The Congressional Budget Office (CBO) and the staff of the Joint Committee on Taxation (JCT) March 13 released an estimate of the effects on health coverage of the American Health Care Act (AHCA), the legislative package passed last week by the House Ways and Means and Energy & Commerce committees to repeal and replace parts of the Affordable Care Act (ACA).

CBO and JCT estimate that in 2018 14 million more people would be uninsured under the legislation than under current law. Overall, the report estimates that nearly 24 million people would lose coverage over 10 years. CBO and JCT estimate that the legislation would reduce federal deficits by $337 billion over the 2017-2026 period. The largest savings would come from reductions in outlays for Medicaid and from the elimination of the ACA’s subsidies for non-group health insurance.

“The CBO number reinforces our concerns about the importance of maintaining coverage for those vulnerable patients who need it,” said AHA President and CEO Rick Pollack. “As we said in our letter to Congress last week, any changes to the ACA must be guided by ensuring that we continue to provide health care coverage for the millions of people who have benefited from the law. We cannot support a bill that the CBO and others clearly indicate would reduce coverage for so many people.”

The House Ways and Means and Energy & Commerce committees last week reported out the AHCA that is designed to repeal and replace parts of the ACA.

The Ways and Means bill would repeal the ACA’s employer and individual mandates to purchase health coverage and replace the law's means-tested advance premium tax credits and cost-sharing reductions with tax credits that vary by age and income.

The Energy & Commerce bill would end the enhanced Medicaid federal funding for future expansion populations, beginning in 2020, and transition the program to a per capita cap funding model. The package does not restore the hospital market basket reductions or Medicare disproportionate share hospital cuts used to help fund the ACA coverage expansions. AHA members received a Special Bulletin March 7 with further details.

The AHA wrote House members that it cannot support the package in its current form. House leaders have expressed a desire to have the package on the House floor before the end of the month. It now goes to the House Budget Committee, where the bills will be combined into one piece of legislation.

Hospital and physician groups weigh in. In a March 8 letter to members of Congress, the AHA, America’s Essential Hospitals, Association of American Medical Colleges, Catholic Health Association of the United States, Children’s Hospital Association, Federation of American Hospitals, and National Association of Psychiatric Health Systems said they “cannot support the American Health Care Act as currently written.” Absent Congressional Budget Office analysis, “our assessment of this legislation as currently drafted is that it is likely to result in a substantial reduction in the number of Americans able to buy affordable health insurance or maintain coverage under the Medicaid program,” the hospital organizations said.
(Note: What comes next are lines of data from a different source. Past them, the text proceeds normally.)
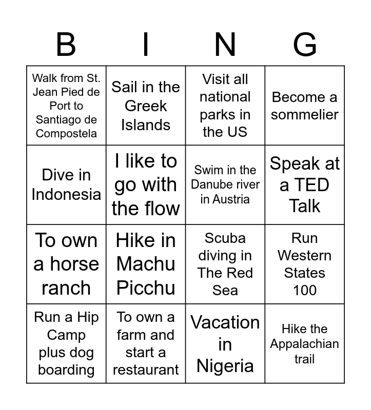 This bingo card has 16 words: To own a farm and start a restaurant, Run Western States 100, Visit all national parks in the US, Walk from St. Jean Pied de Port to Santiago de Compostela, To own a horse ranch, Sail in the Greek Islands, Scuba diving in The Red Sea, Vacation in Nigeria, Dive in Indonesia, I like to go with the flow, Run a Hip Camp plus dog boarding, Become a sommelier, Hike in Machu Picchu, Speak at a TED Talk, Swim in the Danube river in Austria and Hike the Appalachian trail.
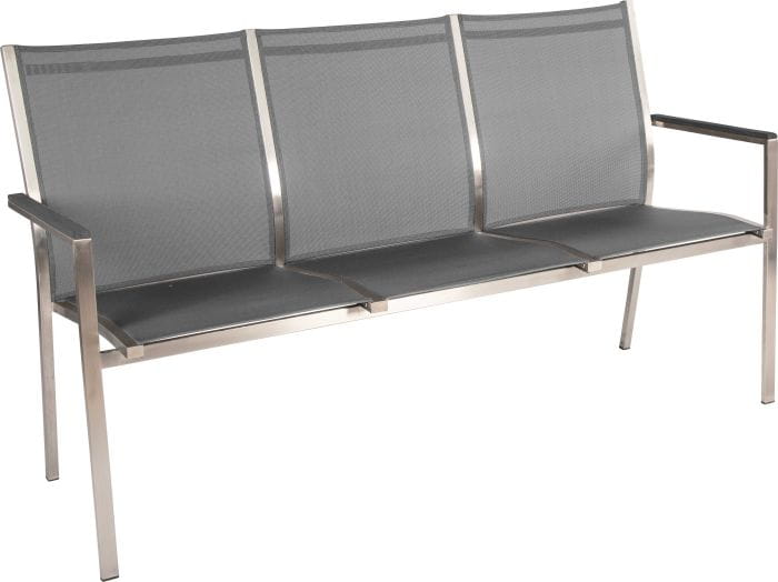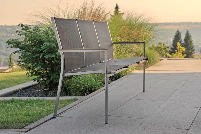 ławka ogrodowa CARDIFF na oparciu i siedzisku posiada materiał w formie miękkiej i elastycznej siateczki.
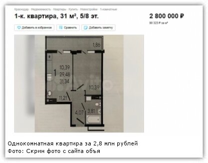 Купить однокомнатную квартиру в Краснодаре — выполнимая задача. На рынке недвижимости представлены тысячи объектов по разным ценам. В городе можно приобрести как недорогие однокомнатные квартиры, так и элитные "однушки", которые стоят как 20 квартир эконом-класса. Какие предложения есть на рынке недвижимости Краснодара, рассказывает ИА KrasnodarMedia. Средняя цена "квадрата" в строящемся или только что сданном доме в Краснодаре составляет 143 391 рубль. Квадратный метр на вторичном рынке обойдется на 32% дешевле — в среднем в 108 661 рубль. Однако среди предложений на первичном рынке желающие могут найти недорогие объекты, которые стоят ниже, чем в среднем по городу и дешевле, чем на вторичном рынке. Например, "однушка" в многоэтажном доме на улице Краеведа Соловьева площадью 31 "квадрат" выставлена на продажу за 2,8 млн рублей. Один квадратный метр жилья обойдется покупателю в 90 323 рубля. Отделка квартиры — чистовая. На улице Тепличной в недавно сданном доме предлагается к продаже

The groups added that “maintaining deep provider reductions while dramatically reducing coverage will reduce our ability to provide essential care to those newly uninsured and those without adequate insurance.”

In a separate letter, the American Medical Association told House committee leaders that it “cannot support the AHCA as drafted because of the expected decline in health insurance coverage and the potential harm it would cause to vulnerable patient populations.”